<<<<
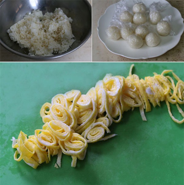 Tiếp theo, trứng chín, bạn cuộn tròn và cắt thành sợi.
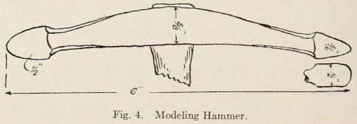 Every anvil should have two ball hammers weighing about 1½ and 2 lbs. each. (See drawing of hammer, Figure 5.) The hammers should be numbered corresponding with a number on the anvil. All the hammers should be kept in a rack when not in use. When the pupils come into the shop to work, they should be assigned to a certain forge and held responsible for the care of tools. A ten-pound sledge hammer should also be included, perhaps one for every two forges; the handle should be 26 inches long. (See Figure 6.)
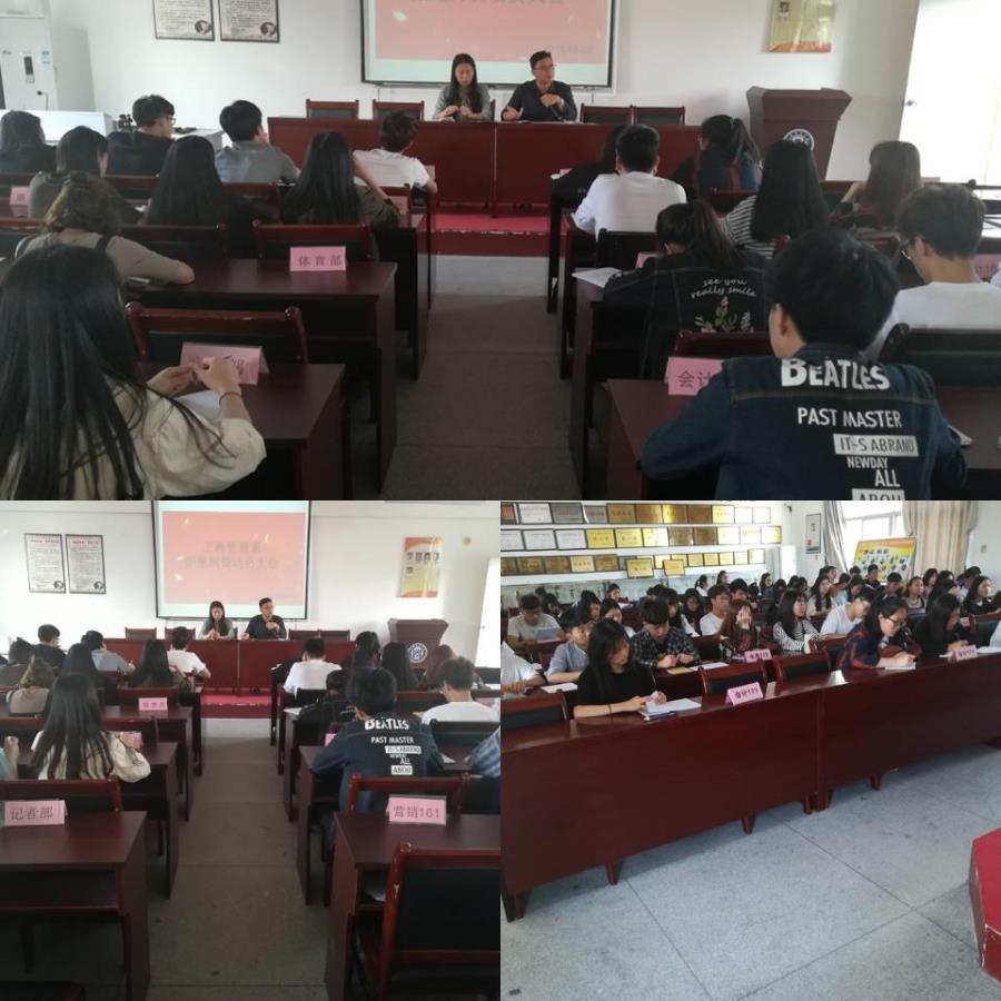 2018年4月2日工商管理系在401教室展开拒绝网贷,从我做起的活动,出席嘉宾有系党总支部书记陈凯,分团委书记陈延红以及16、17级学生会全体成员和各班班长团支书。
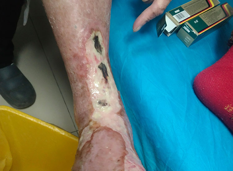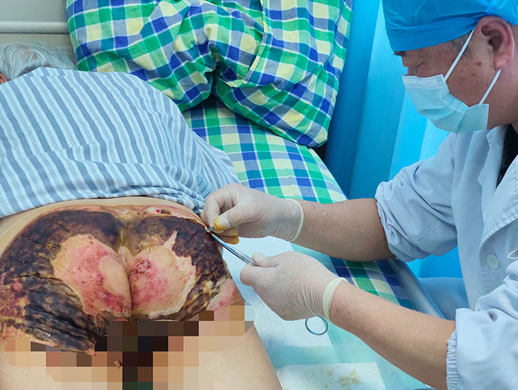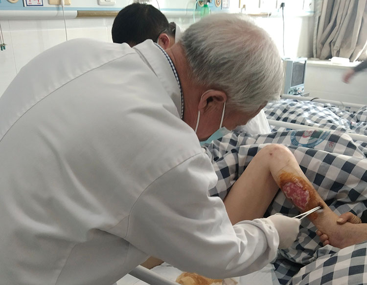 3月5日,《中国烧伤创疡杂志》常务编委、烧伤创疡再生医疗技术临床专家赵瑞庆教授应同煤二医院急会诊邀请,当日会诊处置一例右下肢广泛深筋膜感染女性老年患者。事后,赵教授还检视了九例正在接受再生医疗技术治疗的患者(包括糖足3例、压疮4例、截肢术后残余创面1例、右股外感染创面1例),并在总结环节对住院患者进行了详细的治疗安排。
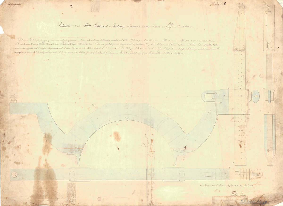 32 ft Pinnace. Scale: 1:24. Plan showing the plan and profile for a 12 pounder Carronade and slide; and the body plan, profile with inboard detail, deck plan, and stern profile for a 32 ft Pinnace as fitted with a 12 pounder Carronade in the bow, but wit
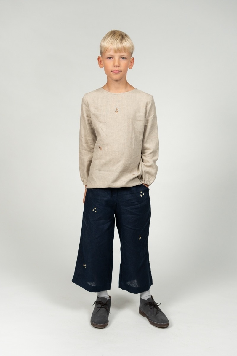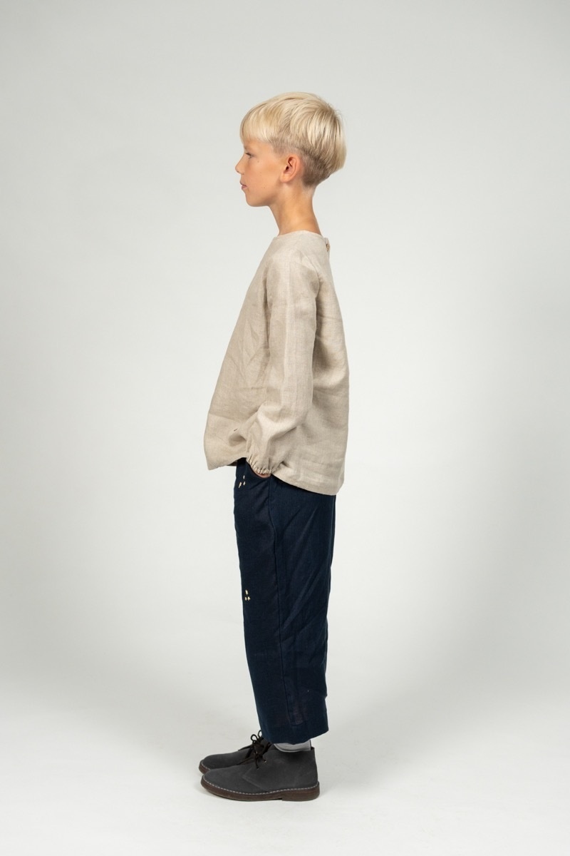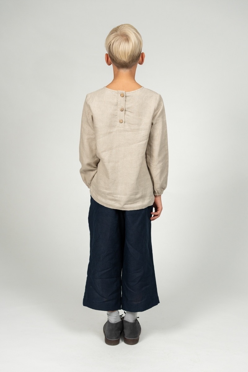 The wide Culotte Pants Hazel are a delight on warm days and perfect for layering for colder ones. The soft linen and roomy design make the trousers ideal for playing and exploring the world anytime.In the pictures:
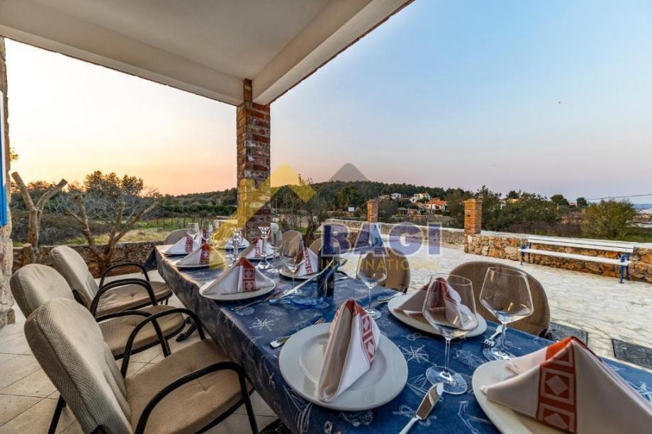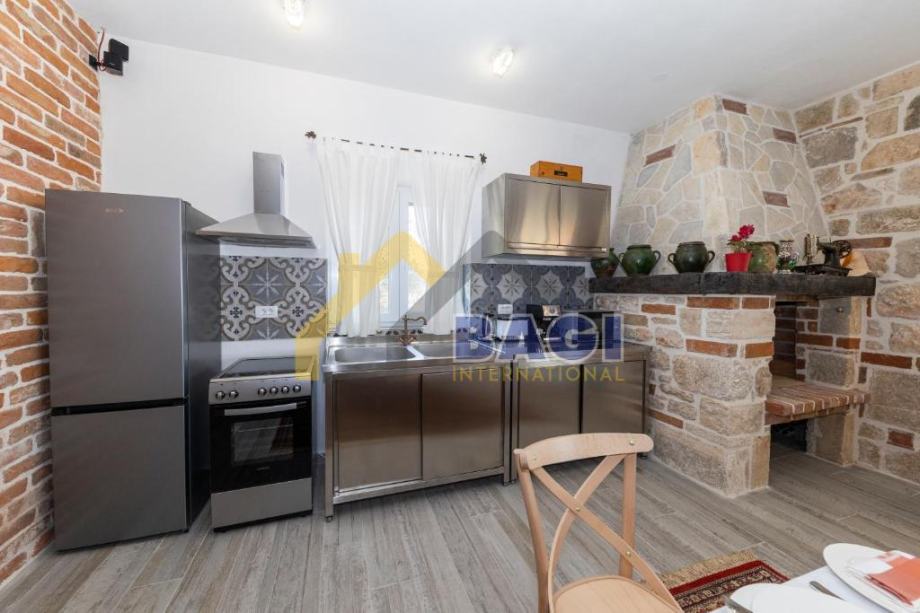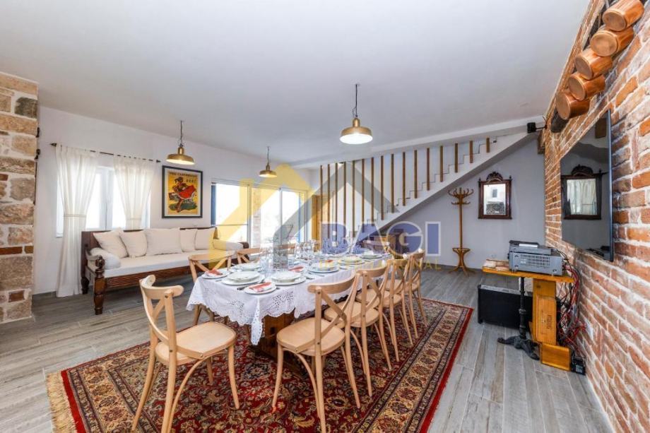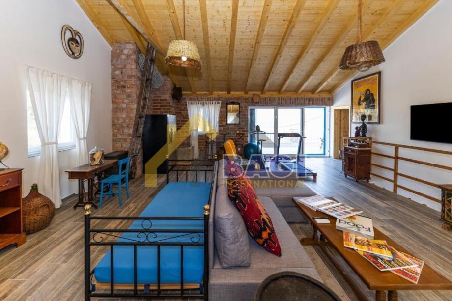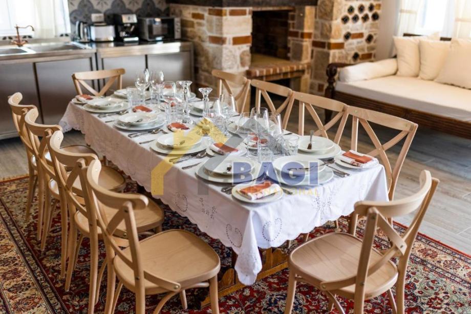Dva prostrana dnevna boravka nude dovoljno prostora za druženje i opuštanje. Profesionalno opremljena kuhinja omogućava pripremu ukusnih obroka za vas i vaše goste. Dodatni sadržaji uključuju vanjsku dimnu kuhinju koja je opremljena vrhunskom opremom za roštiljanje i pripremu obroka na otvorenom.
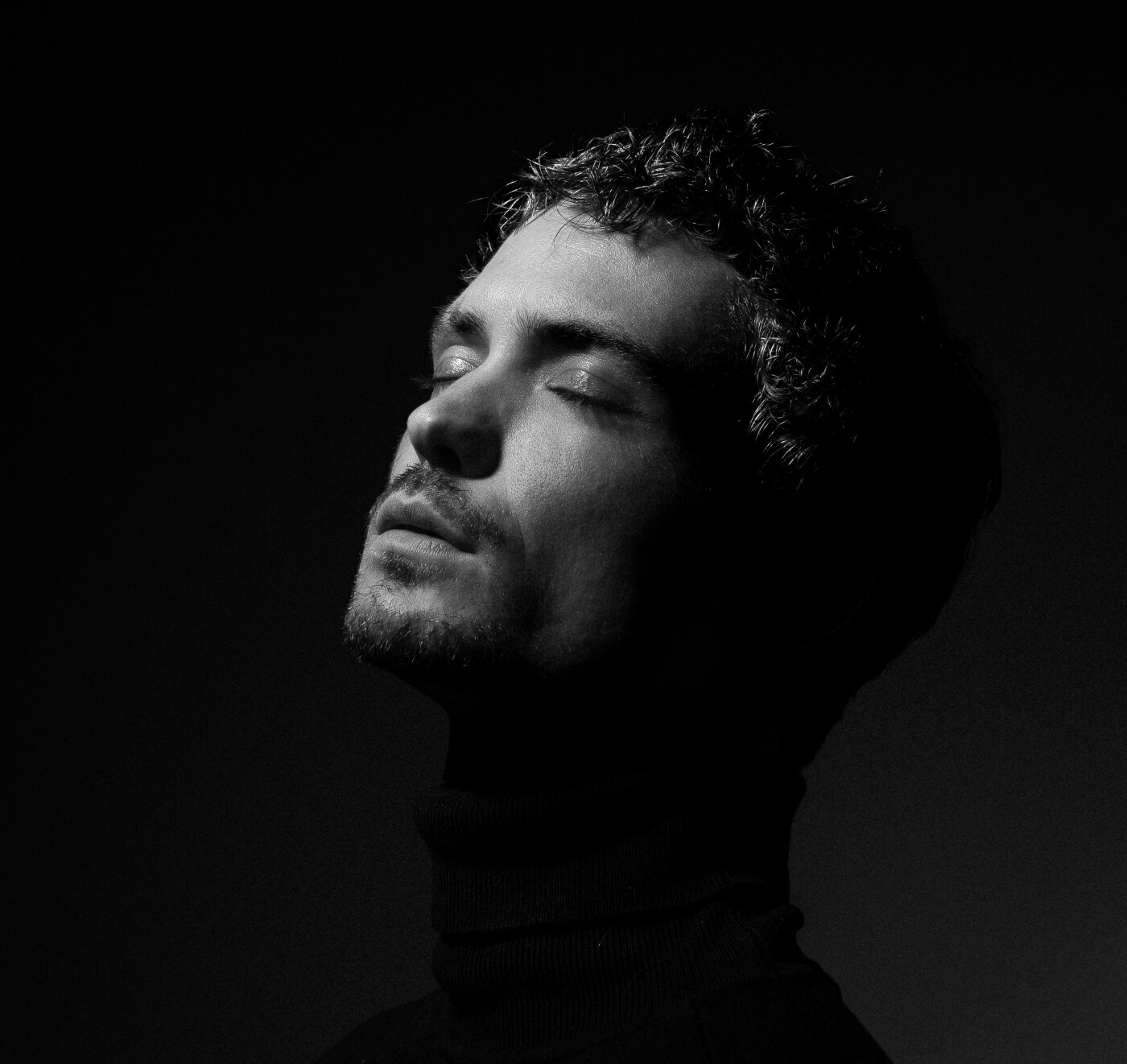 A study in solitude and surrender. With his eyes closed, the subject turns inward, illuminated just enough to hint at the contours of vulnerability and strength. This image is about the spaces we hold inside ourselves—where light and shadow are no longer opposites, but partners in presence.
>>>>
__Task prompt__:
This exercise asks for an exact copy of the lines from the first one in the data through the line that contains "3月5日,《中国烧伤创疡杂志", pictures excluded.

__Reply to the task__:
 Tiếp theo, trứng chín, bạn cuộn tròn và cắt thành sợi.
 Every anvil should have two ball hammers weighing about 1½ and 2 lbs. each. (See drawing of hammer, Figure 5.) The hammers should be numbered corresponding with a number on the anvil. All the hammers should be kept in a rack when not in use. When the pupils come into the shop to work, they should be assigned to a certain forge and held responsible for the care of tools. A ten-pound sledge hammer should also be included, perhaps one for every two forges; the handle should be 26 inches long. (See Figure 6.)
 2018年4月2日工商管理系在401教室展开拒绝网贷,从我做起的活动,出席嘉宾有系党总支部书记陈凯,分团委书记陈延红以及16、17级学生会全体成员和各班班长团支书。
 3月5日,《中国烧伤创疡杂志》常务编委、烧伤创疡再生医疗技术临床专家赵瑞庆教授应同煤二医院急会诊邀请,当日会诊处置一例右下肢广泛深筋膜感染女性老年患者。事后,赵教授还检视了九例正在接受再生医疗技术治疗的患者(包括糖足3例、压疮4例、截肢术后残余创面1例、右股外感染创面1例),并在总结环节对住院患者进行了详细的治疗安排。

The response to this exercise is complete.